TASK GOAL:
What are the lines below, starting at the line containing "iPad本体の固定には、クッ" and ending at the line containing "A large Karajar"? Write them out exactly, ends included, without pictures.

SUPPLIED ENTRIES:

■ ■ ■

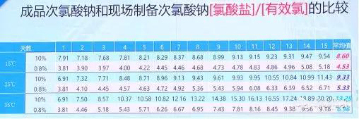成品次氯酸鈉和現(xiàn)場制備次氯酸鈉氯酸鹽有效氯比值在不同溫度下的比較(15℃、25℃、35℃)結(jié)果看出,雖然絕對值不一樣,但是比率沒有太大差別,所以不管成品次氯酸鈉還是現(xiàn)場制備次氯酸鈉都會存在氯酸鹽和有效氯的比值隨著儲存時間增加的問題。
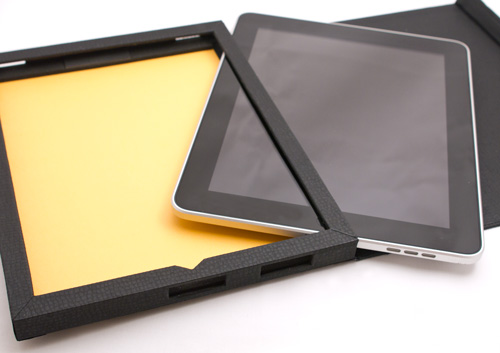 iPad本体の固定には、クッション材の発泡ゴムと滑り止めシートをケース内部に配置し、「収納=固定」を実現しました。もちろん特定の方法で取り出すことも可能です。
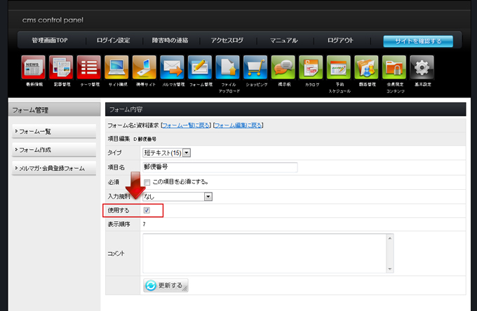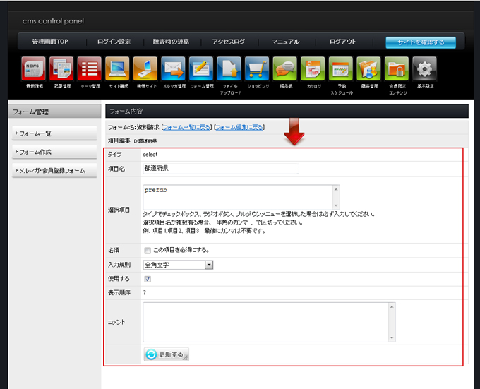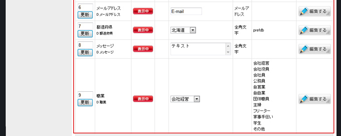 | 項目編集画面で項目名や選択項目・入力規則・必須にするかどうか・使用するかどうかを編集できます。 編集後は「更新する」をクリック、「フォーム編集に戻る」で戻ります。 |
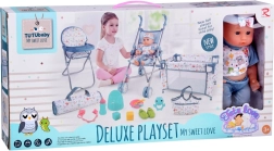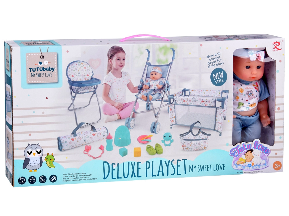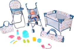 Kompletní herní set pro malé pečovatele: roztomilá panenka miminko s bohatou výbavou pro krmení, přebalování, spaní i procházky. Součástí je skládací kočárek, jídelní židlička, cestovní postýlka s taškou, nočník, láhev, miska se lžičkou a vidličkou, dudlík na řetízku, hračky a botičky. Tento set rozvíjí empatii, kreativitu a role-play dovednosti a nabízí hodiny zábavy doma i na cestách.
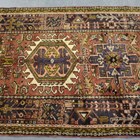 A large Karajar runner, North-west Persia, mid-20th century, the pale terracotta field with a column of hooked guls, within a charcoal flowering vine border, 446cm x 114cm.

■ ■ ■

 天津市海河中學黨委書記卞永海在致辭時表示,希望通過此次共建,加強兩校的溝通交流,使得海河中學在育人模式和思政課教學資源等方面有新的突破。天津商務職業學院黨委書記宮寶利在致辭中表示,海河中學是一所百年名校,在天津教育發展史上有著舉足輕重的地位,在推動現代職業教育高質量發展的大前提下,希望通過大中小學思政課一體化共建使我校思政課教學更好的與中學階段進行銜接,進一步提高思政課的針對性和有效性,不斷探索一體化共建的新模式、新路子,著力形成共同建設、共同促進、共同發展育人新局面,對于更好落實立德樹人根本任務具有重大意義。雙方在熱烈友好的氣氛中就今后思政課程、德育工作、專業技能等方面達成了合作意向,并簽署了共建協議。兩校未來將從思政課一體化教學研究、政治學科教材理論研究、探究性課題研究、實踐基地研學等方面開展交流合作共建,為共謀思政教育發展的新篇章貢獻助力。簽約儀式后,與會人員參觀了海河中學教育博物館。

■ ■ ■

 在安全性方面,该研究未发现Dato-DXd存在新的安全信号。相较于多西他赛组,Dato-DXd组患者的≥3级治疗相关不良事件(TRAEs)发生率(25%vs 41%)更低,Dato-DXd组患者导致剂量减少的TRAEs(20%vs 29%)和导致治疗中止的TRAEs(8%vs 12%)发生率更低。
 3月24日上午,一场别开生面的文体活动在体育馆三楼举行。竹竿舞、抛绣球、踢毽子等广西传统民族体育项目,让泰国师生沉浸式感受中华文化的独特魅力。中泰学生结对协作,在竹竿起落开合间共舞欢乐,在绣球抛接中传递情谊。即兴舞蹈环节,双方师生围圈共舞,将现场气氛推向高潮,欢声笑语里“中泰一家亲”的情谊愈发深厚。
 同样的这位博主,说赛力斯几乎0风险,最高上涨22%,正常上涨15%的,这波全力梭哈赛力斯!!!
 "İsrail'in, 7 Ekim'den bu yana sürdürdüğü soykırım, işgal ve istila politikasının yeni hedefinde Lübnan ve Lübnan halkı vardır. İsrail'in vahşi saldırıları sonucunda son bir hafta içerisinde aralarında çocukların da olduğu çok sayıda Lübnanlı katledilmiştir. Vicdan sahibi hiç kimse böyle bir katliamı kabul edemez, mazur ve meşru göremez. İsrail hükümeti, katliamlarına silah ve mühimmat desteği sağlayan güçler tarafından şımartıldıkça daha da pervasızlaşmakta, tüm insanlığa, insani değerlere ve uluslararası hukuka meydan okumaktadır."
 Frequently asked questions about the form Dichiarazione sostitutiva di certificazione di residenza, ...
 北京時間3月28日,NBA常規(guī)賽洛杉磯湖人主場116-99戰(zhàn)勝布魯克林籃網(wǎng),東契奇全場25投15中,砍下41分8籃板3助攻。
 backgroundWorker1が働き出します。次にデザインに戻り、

■ ■ ■

EXERCISE SOLUTION:
 iPad本体の固定には、クッション材の発泡ゴムと滑り止めシートをケース内部に配置し、「収納=固定」を実現しました。もちろん特定の方法で取り出すことも可能です。
 | 項目編集画面で項目名や選択項目・入力規則・必須にするかどうか・使用するかどうかを編集できます。 編集後は「更新する」をクリック、「フォーム編集に戻る」で戻ります。 |
 Kompletní herní set pro malé pečovatele: roztomilá panenka miminko s bohatou výbavou pro krmení, přebalování, spaní i procházky. Součástí je skládací kočárek, jídelní židlička, cestovní postýlka s taškou, nočník, láhev, miska se lžičkou a vidličkou, dudlík na řetízku, hračky a botičky. Tento set rozvíjí empatii, kreativitu a role-play dovednosti a nabízí hodiny zábavy doma i na cestách.
 A large Karajar runner, North-west Persia, mid-20th century, the pale terracotta field with a column of hooked guls, within a charcoal flowering vine border, 446cm x 114cm.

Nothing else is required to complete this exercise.